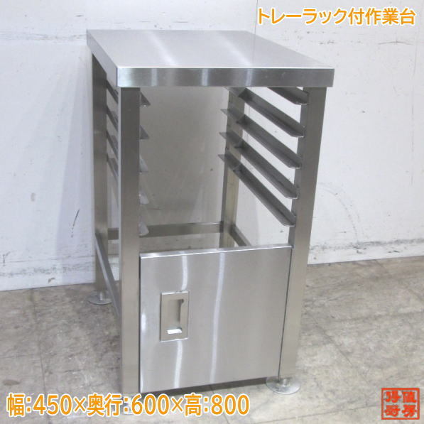 - ステンレス トレーラック付作業台 450×600×800 業務用 中古厨房 /23M2005Z
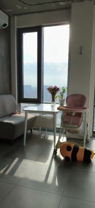 Простора та світла квартира на 31-му поверсі сучасного житлового комплексу з неймовірним панорамним видом на місто. З вікон відкривається краєвид на ВДНГ, Голосіївський парк, центр Києва та «Батьківщину-Мати». Двостороннє планування забезпечує максимум природного світла та комфорт у будь-яку пору року.
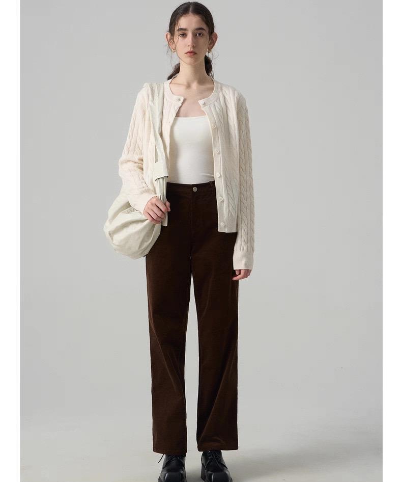Estilo Old Money Cárdigan de Punto Trenzado de Lana 100% Cuello Redondo de un Solo Botón Manga Larga Ropa Exterior Prendas de Punto Versátiles Mujer Otoño Invierno
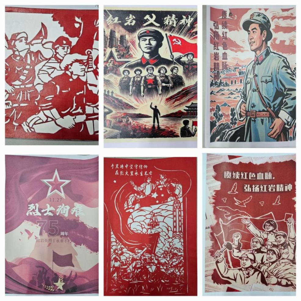 活动期间,同学们积极响应,深入挖掘红色文化资源,巧妙构思,精心创作出一幅幅富有创意和深意的绘画作品。手抄报以其内容丰富、形式多样成为本次活动的亮点之一,同学们通过手抄报回顾了革命历史中的关键事件与英雄人物,同时融入了自己对红岩精神的理解与感悟,展现了新时代青年的独特视角。漫画作品则以生动幽默的笔触,将革命故事娓娓道来,让历史人物跃然纸上。这些作品不仅接地气,更引人深思,让红色文化在轻松愉快的氛围中得以传承和弘扬。而海报设计则更加注重视觉冲击力与艺术美感,同学们将红岩精神的精髓与现代审美相结合,创作出了一幅幅令人眼前一亮的艺术作品。
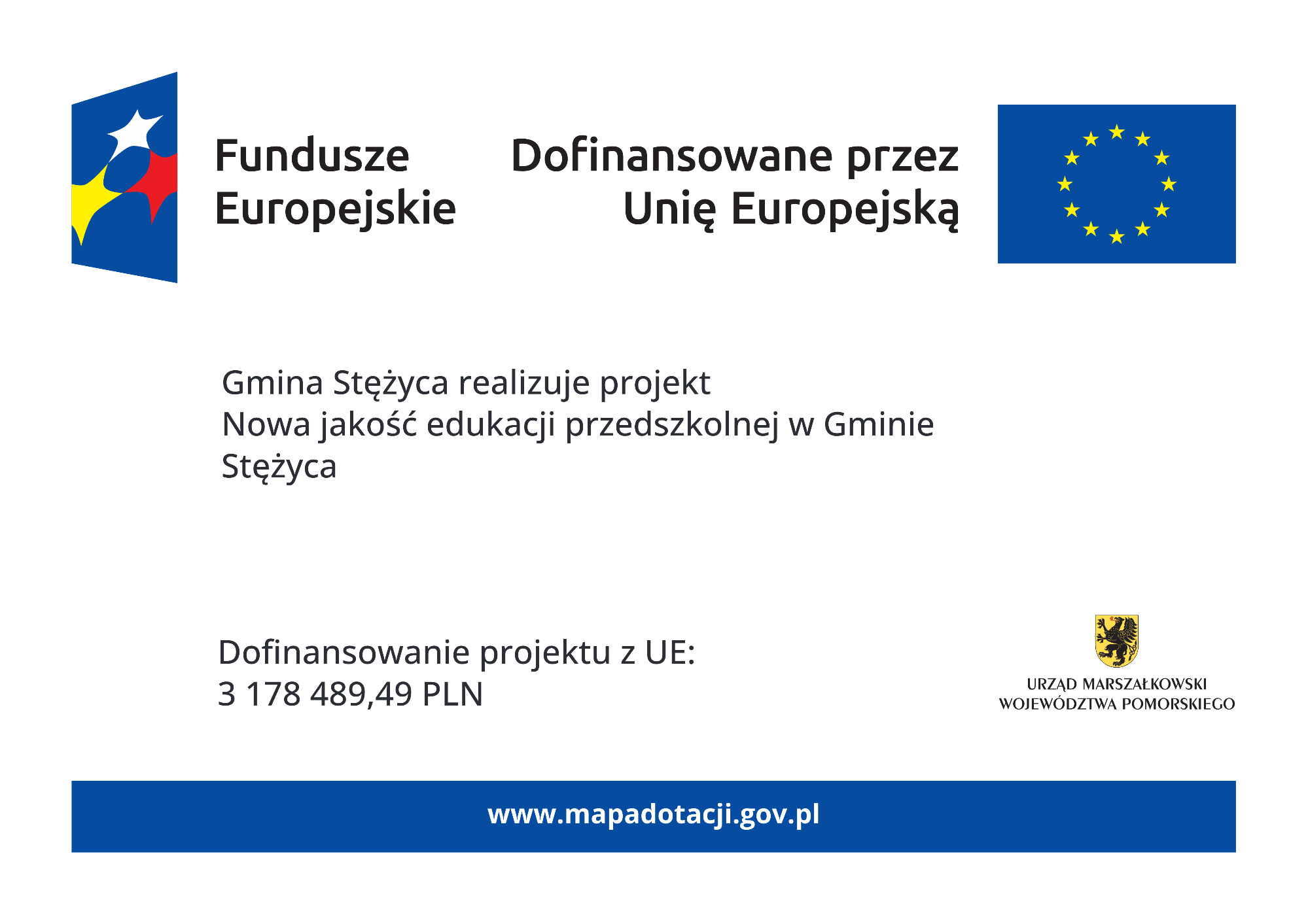 Gmina Stężyca uzyskała dofinansowanie z Unii Europejskiej na realizację projektu „Nowa jakość edukacji przedszkolnej w Gminie Stężyca”.
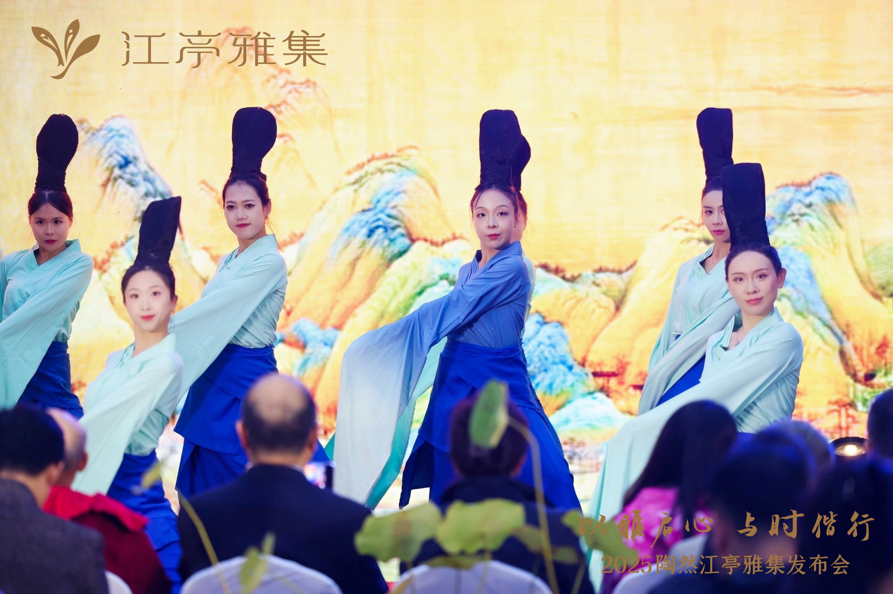 活动突破传统线下模式,借助数字技术实现文化传播升级:故宫博物院第六任院长单霁翔通过视频寄语,远程分享文化遗产保护与活化见解,让优质文化资源突破空间限制触达现场;江亭雅集LOGO发布环节,品牌设计师贺冰淞以视频形式解析设计理念,将三尾游鱼象征的“悠游万象”、古琴曲《猗兰操》蕴含的“幽兰之姿”等抽象内涵,通过可视化画面直观呈现,让传统文化符号更易被理解与感知。
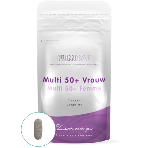 - Beide multivitaminen zijn geschikt voor mensen van 50 jaar en ouder. Het verschil tussen beide producten is dat Flinndal Multi 50+ Vrouw speciaal ontwikkeld is op basis van de voedingsstoffenbehoefte van vrouwen vanaf 50 jaar. Dit betekent dat we van bepaalde ingrediënten net iets meer of minder hebben toegevoegd. Zo vindt u in Flinndal Multi 50+ Vrouw een hogere dosering calcium en vitamine D. Daarnaast hebben we ook kuisboom toegevoegd ter ondersteuning van de overgang.
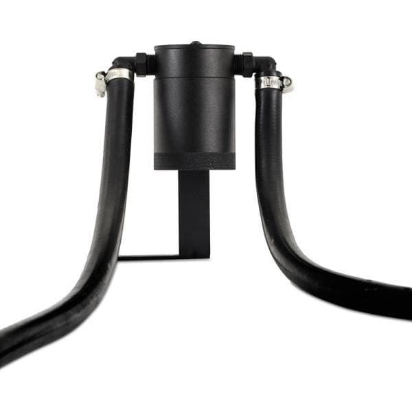 Carbon buildup is an enemy of any motor, and the Mishimoto Direct-Fit Oil Catch Can system for your 2011+ Ford F-150 is the defense. Modern vehicles use a PCV, or “Positive Crankcase Ventilation", system to capture the vapors that escape past the piston rings into the crankcase of your engine and recirculate them back into the intake system to be burned again. While this is much better for the environment, it’s not as great for your engine. In doing so, these vapors carry remnants of oil and unburned fuel, which make their way into your intake system, causing multiple problems. The first and largest problem is that the oil particles being carried in these vapors coat your intake system, including the intake manifold and intake valves. Over time, this will gum up and turn into carbon buildup. Direct-injection engines, like the EcoBoost, are especially prone to severe carbon buildup on the intake valves. The second issue is that those oily vapors being introduced back into the cylinder during combustion can reduce the overall octane rating of the fresh fuel being provided, causing pre-detonation and knocking. This is where the Mishimoto Direct-Fit Oil Catch Can system comes into play. By installing our catch can in line with your PCV system, the 50-micron bronze filter captures those oily particles and allows them to condense until they become heavy enough to drip into the canister to be collected instead of flowing back into your engine. This leaves the air flowing back into your intake system clean and ready to be burned again. The catch can mounts with a sturdy 3-mm thick steel bracket in a convenient and serviceable location, allowing you to easily empty the waste oil. The pre-molded hoses with factory style quick-disconnects make installation a breeze, and even fit with the factory engine cover. As with all our products, this catch can is backed by our signature Mishimoto Lifetime Warranty.
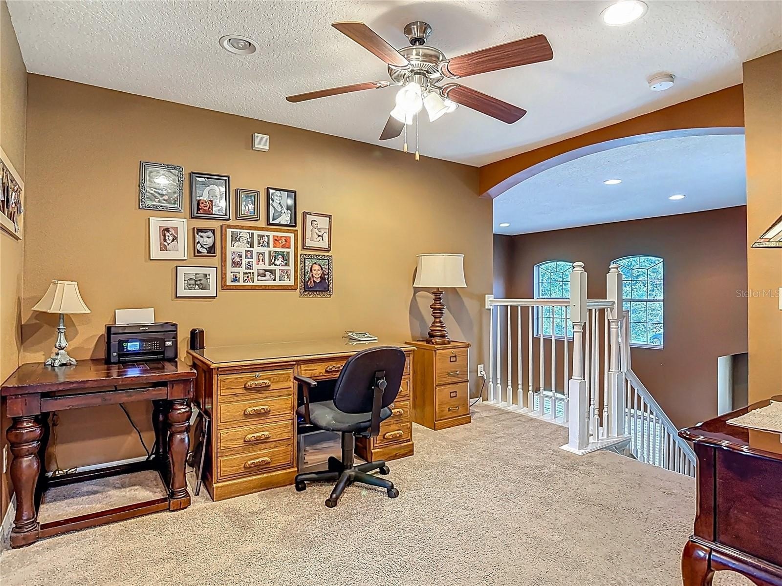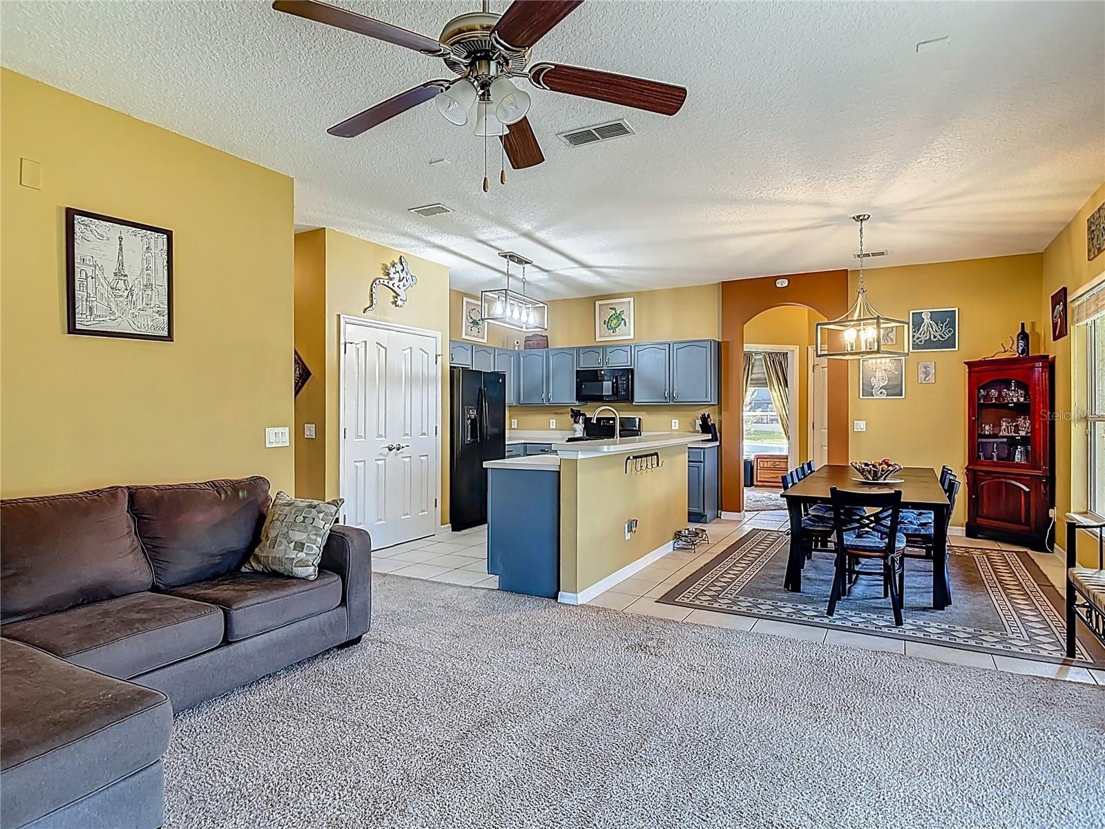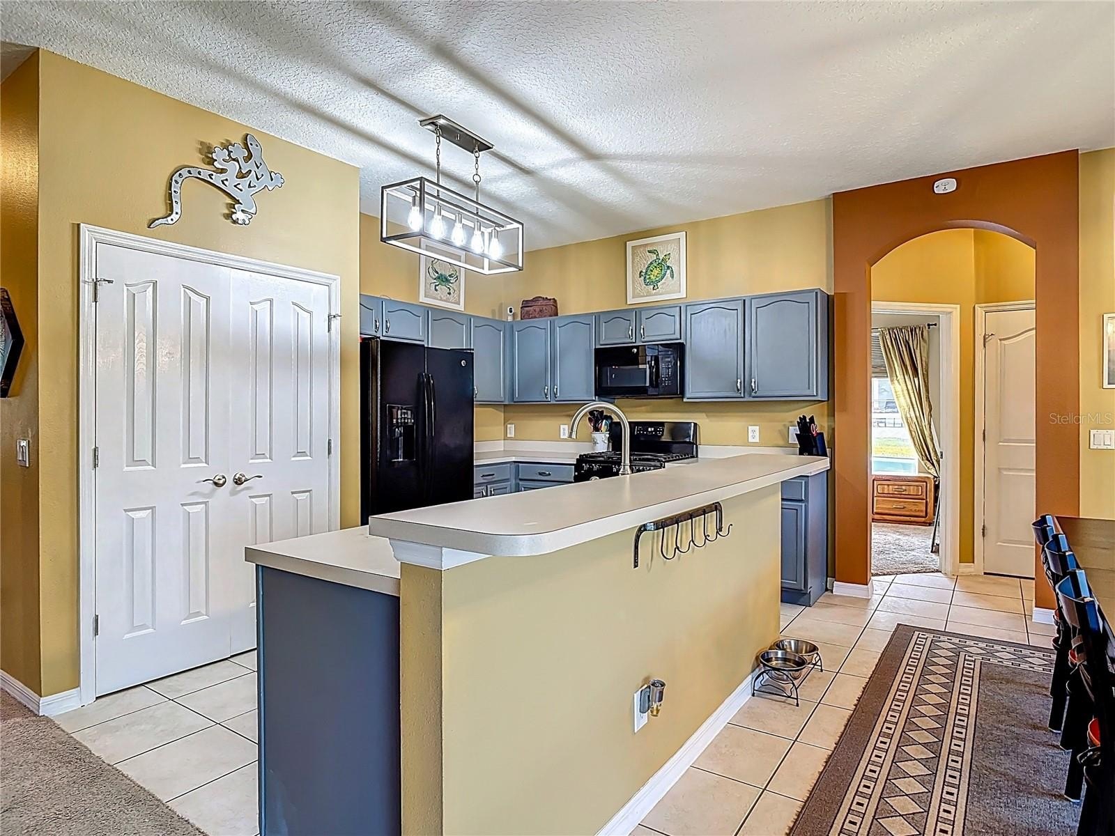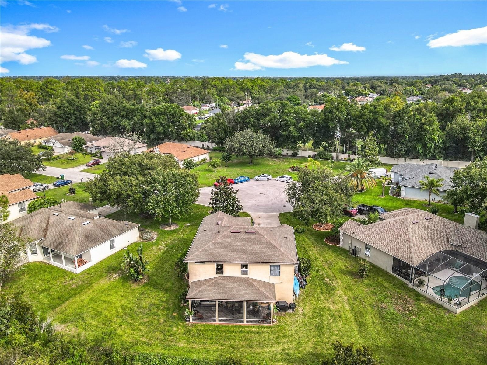 Lakefront Living – 4 Bedrooms + Office – Gated Community – Cul-de-Sac Lot tucked away on a quiet cul-de-sac in a gated neighborhood, this lakefront home offers incredible views and plenty of room to live and entertain. The large, landscaped lot provides wide side yards—perfect for everyone, pets, and outdoor fun. Step inside through the beautiful 8’ leaded-glass front door and into a bright living room with soaring 19’ ceilings and lots of windows. The main level features two separate living areas, a full bedroom and bath, a spacious kitchen and dining area, plus a private office/bonus room with elegant glass pocket doors. The heart of the home is the 540 SF open kitchen, family, and dining space. With a new gas range, dining bar, and direct access to the screened lanai, it’s an ideal gathering place. The lanai offers serene lake and nature preserve views, tile floors, ceiling fans, and a wood tongue-and-groove ceiling—true Florida living indoors and out.

- - -

**Action item**
Retype the listing exactly. Leave out its pictures.

**Output of the task**
 - ステンレス トレーラック付作業台 450×600×800 業務用 中古厨房 /23M2005Z
 Простора та світла квартира на 31-му поверсі сучасного житлового комплексу з неймовірним панорамним видом на місто. З вікон відкривається краєвид на ВДНГ, Голосіївський парк, центр Києва та «Батьківщину-Мати». Двостороннє планування забезпечує максимум природного світла та комфорт у будь-яку пору року.
Estilo Old Money Cárdigan de Punto Trenzado de Lana 100% Cuello Redondo de un Solo Botón Manga Larga Ropa Exterior Prendas de Punto Versátiles Mujer Otoño Invierno
 活动期间,同学们积极响应,深入挖掘红色文化资源,巧妙构思,精心创作出一幅幅富有创意和深意的绘画作品。手抄报以其内容丰富、形式多样成为本次活动的亮点之一,同学们通过手抄报回顾了革命历史中的关键事件与英雄人物,同时融入了自己对红岩精神的理解与感悟,展现了新时代青年的独特视角。漫画作品则以生动幽默的笔触,将革命故事娓娓道来,让历史人物跃然纸上。这些作品不仅接地气,更引人深思,让红色文化在轻松愉快的氛围中得以传承和弘扬。而海报设计则更加注重视觉冲击力与艺术美感,同学们将红岩精神的精髓与现代审美相结合,创作出了一幅幅令人眼前一亮的艺术作品。
 Gmina Stężyca uzyskała dofinansowanie z Unii Europejskiej na realizację projektu „Nowa jakość edukacji przedszkolnej w Gminie Stężyca”.
 活动突破传统线下模式,借助数字技术实现文化传播升级:故宫博物院第六任院长单霁翔通过视频寄语,远程分享文化遗产保护与活化见解,让优质文化资源突破空间限制触达现场;江亭雅集LOGO发布环节,品牌设计师贺冰淞以视频形式解析设计理念,将三尾游鱼象征的“悠游万象”、古琴曲《猗兰操》蕴含的“幽兰之姿”等抽象内涵,通过可视化画面直观呈现,让传统文化符号更易被理解与感知。
 - Beide multivitaminen zijn geschikt voor mensen van 50 jaar en ouder. Het verschil tussen beide producten is dat Flinndal Multi 50+ Vrouw speciaal ontwikkeld is op basis van de voedingsstoffenbehoefte van vrouwen vanaf 50 jaar. Dit betekent dat we van bepaalde ingrediënten net iets meer of minder hebben toegevoegd. Zo vindt u in Flinndal Multi 50+ Vrouw een hogere dosering calcium en vitamine D. Daarnaast hebben we ook kuisboom toegevoegd ter ondersteuning van de overgang.
 Carbon buildup is an enemy of any motor, and the Mishimoto Direct-Fit Oil Catch Can system for your 2011+ Ford F-150 is the defense. Modern vehicles use a PCV, or “Positive Crankcase Ventilation", system to capture the vapors that escape past the piston rings into the crankcase of your engine and recirculate them back into the intake system to be burned again. While this is much better for the environment, it’s not as great for your engine. In doing so, these vapors carry remnants of oil and unburned fuel, which make their way into your intake system, causing multiple problems. The first and largest problem is that the oil particles being carried in these vapors coat your intake system, including the intake manifold and intake valves. Over time, this will gum up and turn into carbon buildup. Direct-injection engines, like the EcoBoost, are especially prone to severe carbon buildup on the intake valves. The second issue is that those oily vapors being introduced back into the cylinder during combustion can reduce the overall octane rating of the fresh fuel being provided, causing pre-detonation and knocking. This is where the Mishimoto Direct-Fit Oil Catch Can system comes into play. By installing our catch can in line with your PCV system, the 50-micron bronze filter captures those oily particles and allows them to condense until they become heavy enough to drip into the canister to be collected instead of flowing back into your engine. This leaves the air flowing back into your intake system clean and ready to be burned again. The catch can mounts with a sturdy 3-mm thick steel bracket in a convenient and serviceable location, allowing you to easily empty the waste oil. The pre-molded hoses with factory style quick-disconnects make installation a breeze, and even fit with the factory engine cover. As with all our products, this catch can is backed by our signature Mishimoto Lifetime Warranty.
 Lakefront Living – 4 Bedrooms + Office – Gated Community – Cul-de-Sac Lot tucked away on a quiet cul-de-sac in a gated neighborhood, this lakefront home offers incredible views and plenty of room to live and entertain. The large, landscaped lot provides wide side yards—perfect for everyone, pets, and outdoor fun. Step inside through the beautiful 8’ leaded-glass front door and into a bright living room with soaring 19’ ceilings and lots of windows. The main level features two separate living areas, a full bedroom and bath, a spacious kitchen and dining area, plus a private office/bonus room with elegant glass pocket doors. The heart of the home is the 540 SF open kitchen, family, and dining space. With a new gas range, dining bar, and direct access to the screened lanai, it’s an ideal gathering place. The lanai offers serene lake and nature preserve views, tile floors, ceiling fans, and a wood tongue-and-groove ceiling—true Florida living indoors and out.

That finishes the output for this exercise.